(Records drawn from a dataset)
════════
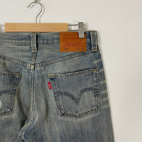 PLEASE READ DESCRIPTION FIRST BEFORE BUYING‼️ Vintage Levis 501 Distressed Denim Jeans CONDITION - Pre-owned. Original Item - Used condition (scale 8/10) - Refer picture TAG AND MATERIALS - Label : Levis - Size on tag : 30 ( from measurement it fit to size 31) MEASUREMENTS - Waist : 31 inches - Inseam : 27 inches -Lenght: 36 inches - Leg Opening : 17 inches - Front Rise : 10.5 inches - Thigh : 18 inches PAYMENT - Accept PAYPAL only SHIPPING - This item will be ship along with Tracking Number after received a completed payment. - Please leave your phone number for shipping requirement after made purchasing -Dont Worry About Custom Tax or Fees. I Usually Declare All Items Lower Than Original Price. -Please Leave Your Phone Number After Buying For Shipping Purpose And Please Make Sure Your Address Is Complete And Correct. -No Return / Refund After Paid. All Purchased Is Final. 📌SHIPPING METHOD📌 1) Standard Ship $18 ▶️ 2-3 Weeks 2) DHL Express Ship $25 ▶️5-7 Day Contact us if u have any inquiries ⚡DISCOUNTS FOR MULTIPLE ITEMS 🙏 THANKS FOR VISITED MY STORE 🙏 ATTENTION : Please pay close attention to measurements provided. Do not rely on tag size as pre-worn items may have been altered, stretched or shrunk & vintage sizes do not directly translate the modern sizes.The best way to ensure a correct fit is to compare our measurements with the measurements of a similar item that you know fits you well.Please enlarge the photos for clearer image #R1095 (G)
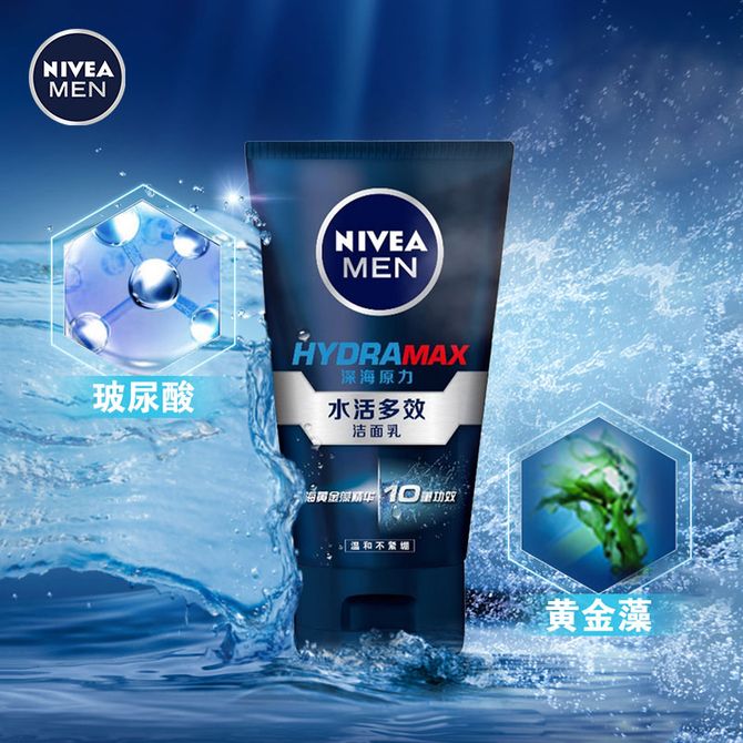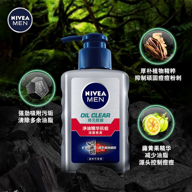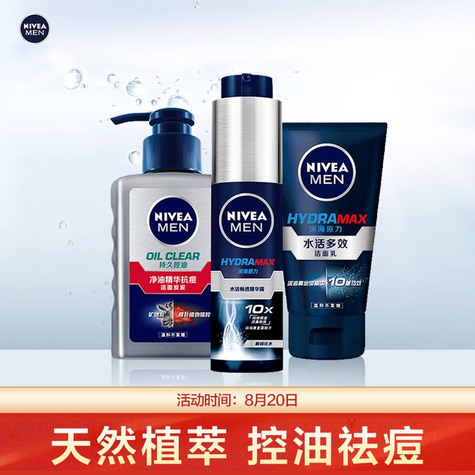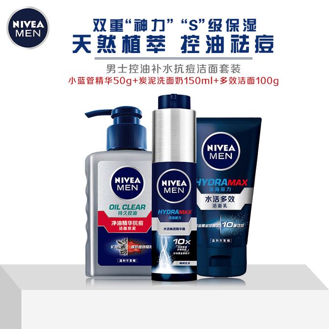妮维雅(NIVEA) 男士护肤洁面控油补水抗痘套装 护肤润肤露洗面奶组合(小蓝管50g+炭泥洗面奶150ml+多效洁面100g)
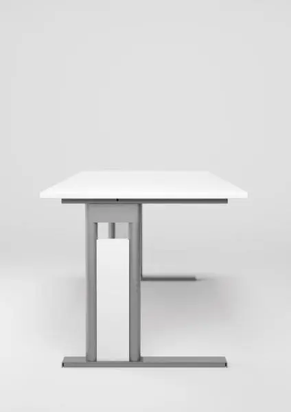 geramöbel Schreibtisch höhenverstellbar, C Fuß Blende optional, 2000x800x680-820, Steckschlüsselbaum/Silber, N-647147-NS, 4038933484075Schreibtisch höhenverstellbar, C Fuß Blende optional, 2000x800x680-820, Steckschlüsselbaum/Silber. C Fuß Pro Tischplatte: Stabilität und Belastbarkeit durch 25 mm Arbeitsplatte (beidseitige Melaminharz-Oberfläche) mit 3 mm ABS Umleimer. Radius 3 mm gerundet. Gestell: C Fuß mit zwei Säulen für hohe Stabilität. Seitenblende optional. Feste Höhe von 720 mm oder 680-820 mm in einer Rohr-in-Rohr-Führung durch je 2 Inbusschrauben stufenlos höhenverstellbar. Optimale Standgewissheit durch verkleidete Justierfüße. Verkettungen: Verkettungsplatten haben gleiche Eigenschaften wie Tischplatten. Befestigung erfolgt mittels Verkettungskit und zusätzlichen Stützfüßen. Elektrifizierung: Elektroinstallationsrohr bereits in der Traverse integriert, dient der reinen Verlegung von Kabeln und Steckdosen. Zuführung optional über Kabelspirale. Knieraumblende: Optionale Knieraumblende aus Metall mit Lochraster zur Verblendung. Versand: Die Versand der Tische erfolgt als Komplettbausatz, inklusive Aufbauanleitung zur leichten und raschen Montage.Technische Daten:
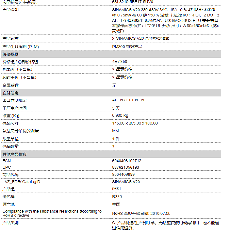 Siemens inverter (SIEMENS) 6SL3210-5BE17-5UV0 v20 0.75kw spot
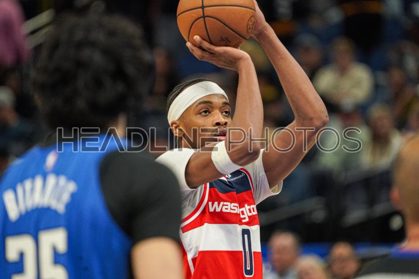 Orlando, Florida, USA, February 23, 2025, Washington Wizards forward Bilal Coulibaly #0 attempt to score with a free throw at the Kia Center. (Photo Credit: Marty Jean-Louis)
════════
## Exercise
Output the data exactly. Leave every picture out.

## Response
 PLEASE READ DESCRIPTION FIRST BEFORE BUYING‼️ Vintage Levis 501 Distressed Denim Jeans CONDITION - Pre-owned. Original Item - Used condition (scale 8/10) - Refer picture TAG AND MATERIALS - Label : Levis - Size on tag : 30 ( from measurement it fit to size 31) MEASUREMENTS - Waist : 31 inches - Inseam : 27 inches -Lenght: 36 inches - Leg Opening : 17 inches - Front Rise : 10.5 inches - Thigh : 18 inches PAYMENT - Accept PAYPAL only SHIPPING - This item will be ship along with Tracking Number after received a completed payment. - Please leave your phone number for shipping requirement after made purchasing -Dont Worry About Custom Tax or Fees. I Usually Declare All Items Lower Than Original Price. -Please Leave Your Phone Number After Buying For Shipping Purpose And Please Make Sure Your Address Is Complete And Correct. -No Return / Refund After Paid. All Purchased Is Final. 📌SHIPPING METHOD📌 1) Standard Ship $18 ▶️ 2-3 Weeks 2) DHL Express Ship $25 ▶️5-7 Day Contact us if u have any inquiries ⚡DISCOUNTS FOR MULTIPLE ITEMS 🙏 THANKS FOR VISITED MY STORE 🙏 ATTENTION : Please pay close attention to measurements provided. Do not rely on tag size as pre-worn items may have been altered, stretched or shrunk & vintage sizes do not directly translate the modern sizes.The best way to ensure a correct fit is to compare our measurements with the measurements of a similar item that you know fits you well.Please enlarge the photos for clearer image #R1095 (G)
妮维雅(NIVEA) 男士护肤洁面控油补水抗痘套装 护肤润肤露洗面奶组合(小蓝管50g+炭泥洗面奶150ml+多效洁面100g)
 geramöbel Schreibtisch höhenverstellbar, C Fuß Blende optional, 2000x800x680-820, Steckschlüsselbaum/Silber, N-647147-NS, 4038933484075Schreibtisch höhenverstellbar, C Fuß Blende optional, 2000x800x680-820, Steckschlüsselbaum/Silber. C Fuß Pro Tischplatte: Stabilität und Belastbarkeit durch 25 mm Arbeitsplatte (beidseitige Melaminharz-Oberfläche) mit 3 mm ABS Umleimer. Radius 3 mm gerundet. Gestell: C Fuß mit zwei Säulen für hohe Stabilität. Seitenblende optional. Feste Höhe von 720 mm oder 680-820 mm in einer Rohr-in-Rohr-Führung durch je 2 Inbusschrauben stufenlos höhenverstellbar. Optimale Standgewissheit durch verkleidete Justierfüße. Verkettungen: Verkettungsplatten haben gleiche Eigenschaften wie Tischplatten. Befestigung erfolgt mittels Verkettungskit und zusätzlichen Stützfüßen. Elektrifizierung: Elektroinstallationsrohr bereits in der Traverse integriert, dient der reinen Verlegung von Kabeln und Steckdosen. Zuführung optional über Kabelspirale. Knieraumblende: Optionale Knieraumblende aus Metall mit Lochraster zur Verblendung. Versand: Die Versand der Tische erfolgt als Komplettbausatz, inklusive Aufbauanleitung zur leichten und raschen Montage.Technische Daten:
 Siemens inverter (SIEMENS) 6SL3210-5BE17-5UV0 v20 0.75kw spot
 Orlando, Florida, USA, February 23, 2025, Washington Wizards forward Bilal Coulibaly #0 attempt to score with a free throw at the Kia Center. (Photo Credit: Marty Jean-Louis)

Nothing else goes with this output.